I agree with most of the comments stated so far. There are positives and negatives to creating youtube videos for the college application process, but times are changing and having a sample of a students' technological ability is important.

I disagree with some of the statements about student privacy, not only because users have the ability to make videos private, but also because literacy is developed by "writing" and communicating to authentic audiences. To echo Kylie, it takes a lot of skill to "hook" an audience as Chania was able to do. A college should be able to gather a lot of insight about a student's higher order reasoning and understanding of purpose and audience through a video.

Jess said...

I agree with most of the comments stated so far. There are positives and negatives to creating youtube videos for the college application process, but times are changing and having a sample of a students' technological ability is important.

I disagree with some of the statements about student privacy, not only because users have the ability to make videos private, but also because literacy is developed by "writing" and communicating to authentic audiences. To echo Kylie, it takes a lot of skill to "hook" an audience as Chania was able to do. A college should be able to gather a lot of insight about a student's higher order reasoning and understanding of purpose and audience through a video.

Linda Turbide said...

Additional information for College Applications can be many things, electronic portfolios, art portfolios, dance videos, soccer videos, music portfolios. Many video creations can be purchased for sports. I imagine almost any DVD or U-tube video could be produced with enough money.

Using these U-tube videos for college applications can be a good or a bad idea.

I think it depends on where the student is applying, what type of impression they want to leave with admissions, what they want to study, and how well they are able to present a video. It also depends on how much money they want to spend, how well they understand the admissions process, and how original and honest they are presented in these videos.
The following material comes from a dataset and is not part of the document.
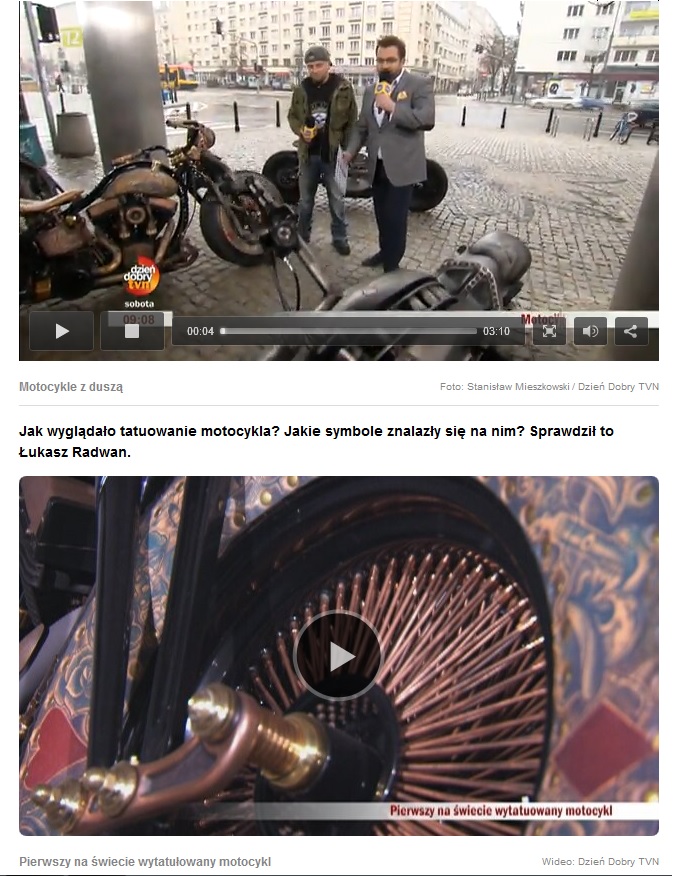 Od samego początku Stanisława Myszkowskiego ciągnęło do przerabiania i ulepszania maszyn. W 2012 r. założył własną firmę Game Over Cycles. Motocykle zbudowane przez GOC zdobywają wiele nagród na całym świecie. We współpracy z zespołem Behemoth, a w szczególności liderem formacji Adamem Nergalem Darskim firma zaprojektowała kolejne dzieło: Behemoth Bike. Ostatni projekt ekipy to The Recidivist, który jest pierwszym na świecie wytatuowanym motocyklem. Ile lat miał Stanisław Myszkowski, kiedy pierwszy raz przerobił motor? Ile waży Behemoth Bike? Jak długo przerabia się motocykle? Gościem Dzień Dobry był Stanisław Myszkowski. - czytamy na stronie programu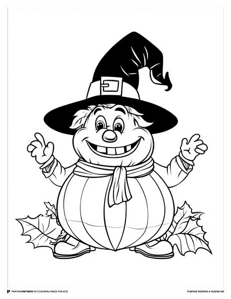 A pumpkin dressed up with a pilgrim hat, bringing together Thanksgiving and Halloween themes in a fun coloring page.

If money were no object, a phenomenal video could showcase a person so that the illusion of creativity and skill would be projected. Would that be fair?

The "Walk in My Shoes Video" was extremely well-done and creative. I do not know who was the creative force behind the video. Chania Cohen has had connections with Hillary Clinton. We know that she is probably Jewish. That is all that we really know.

The "Nerd and Dancing Video" was silly and unnecessary, in my opinion. It was definitely amateurish and showed no talent for math or dancing. I found it embarrassing. I hope her judgment is better than it was when she posted this video.

It seems that admissions personnel will be wasting much time going through U tube videos. I think that they may only be useful for weeding out silly applications. I prefer to see DVDs showcasing a talent, or an electronic portfolio on a CD, or an art or photography portfolio.

I do not agree with public viewing of applications.

Meghan said...

I think this is a really great idea, however....what about students who do not have everyday access to this kind of technology?
I feel like a youtube video would be considered a more impressive application, than the traditional paper and ink ones! This makes is un-fair to students who have less technology available to them!
Students can be extremely smart, gifted and deserving to attend a wonderful institution, even if they don't have a camera, and internet connection and a computer!